Subchapter 20 Registered Entities; Disposal of Medical Marijuana

15.03.590 General Requirements

(a) The disposal of medical marijuana shall mean that the medical marijuana has been rendered unrecoverable and beyond reclamation.

15.03.600 Approval by Authority

(a) Registered entities must dispose of any medical marijuana that is outdated, damaged, deteriorated, contaminated or otherwise deemed not appropriate for manufacturing or dispensing, or any plant-based waste created as a by-product of the manufacturing processes. Registered entities shall:

(1) Obtain Authority approval of disposal methods; and

(2) Dispose of liquid and chemical waste in accordance with applicable tribal or federal laws and regulations.

15.03.610 Records

(a) Registered entities shall maintain records of disposal, which shall include:

(1) The type of plant material being disposed, if the material is a by-product of the manufacturing process;

(2) The brand and form of approved medical marijuana product being disposed, if a finished product;

(3) The weight of the disposed material, the number of plants, or in the case of a finished product, the quantity of the disposed product; and

(4) The signatures of at least two registered entity staff members who witnessed the disposal.

(b) All records of disposal shall be retained for at least five years and be made available for inspection by the Authority.

Subchapter 21 Miscellaneous

15.03.620 Sovereign Immunity

(a) Nothing in this chapter shall be interpreted as waiving or diminishing the sovereign immunity of the Saint Regis Mohawk Tribe or its subordinate entities, agencies, officers, agents, employees, instrumentalities, or authorize in any form a prospective waiver of such sovereign immunity.

(b) Tribal sovereign immunity is hereby found and stated to be an essential element of self- determination and self-government; and as such will be waived by the Tribal Council only under such circumstances as the Tribal Council finds to be in the interests of the Tribe in promoting economic or commercial development or for other Tribal purposes. Any such specific waivers shall be interpreted narrowly and limited to the explicit terms of the waivers; and any such waivers shall not by implication or interpretation be extended in any manner or fashion beyond their narrow, explicit terms.

15.03.630 Regulations

(a) The Authority may issue Regulations as appropriate for the proper administration of this chapter. Regulations will be approved by the Tribal Council pursuant to the rules applicable to approval of Tribal Ordinances with the circulation of Draft regulations and public meeting for comments.

15.03.640 Effective Date

(a) The effective date of this chapter shall be the approval of the Ordinance by the Tribal Council after it has been approved by Referendum vote.

15.03.650 Amendments

(a) This chapter may be amended by: (1) a duly conducted Referendum; or (2) by the Authority or Advisory Board recommending amendment, provided the amendment is confirmed by a vote of the Tribal Council. The amendment shall be processed following the Tribal Procedure Act and include notice to, and review by, the Community.
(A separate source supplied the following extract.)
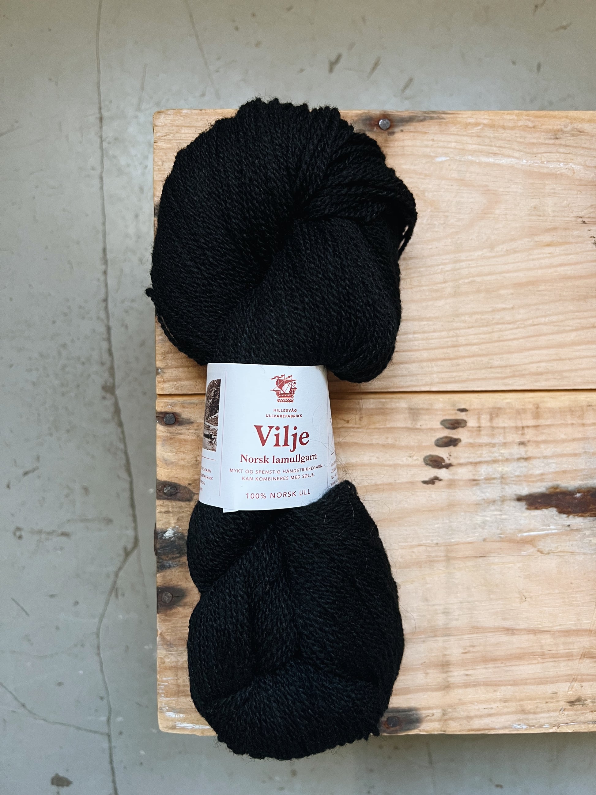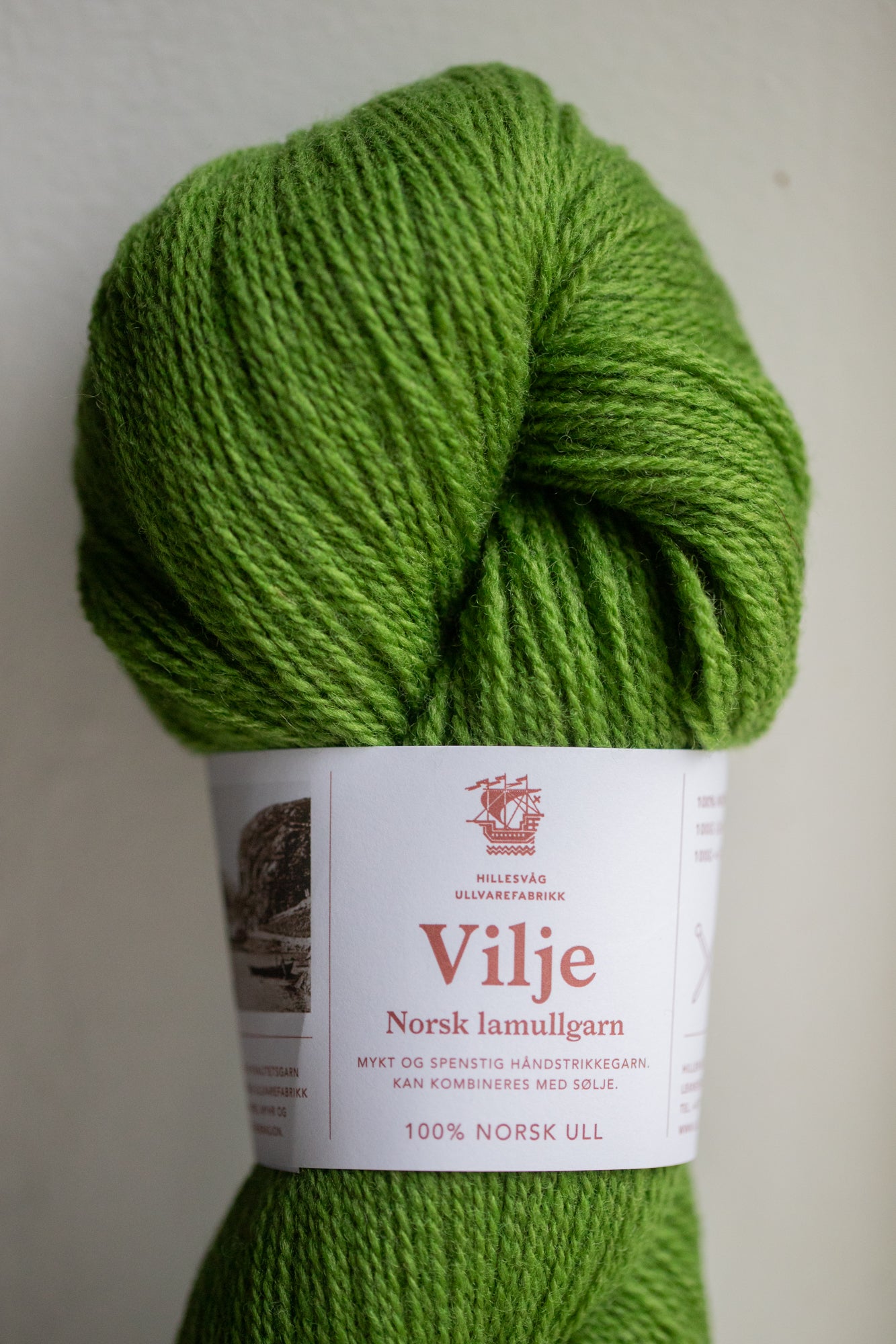 Vilje lammullgarn is a 2-ply woolen spun yarn made from 100% extra fine Norwegian lambswool of around 28 micron from the Norsk Kvit Sau breed. It's a soft, lustrous fibre with good crimp, and the dyes used are all GOTS-certified.

(b) An amendment may include an agreement entered into by the Tribe with the State or other governmental agency needed to effectuate or implement this chapter. Such Amendments will be processed following the Tribal Procedure Act and include notice to, and review by, the Community.

15.03.660 Severability

(a) The provisions of this chapter shall be severable and if any part or provision shall be held void by any Court of competent jurisdiction, the decision of the Court so holding shall not affect or impair any of the remaining parts or provisions of this chapter.

15.03.670 Repeal of Prior Laws

(a) This chapter repeals any other Tribal Council Resolutions, Ordinances, Acts or Laws that are inconsistent herein.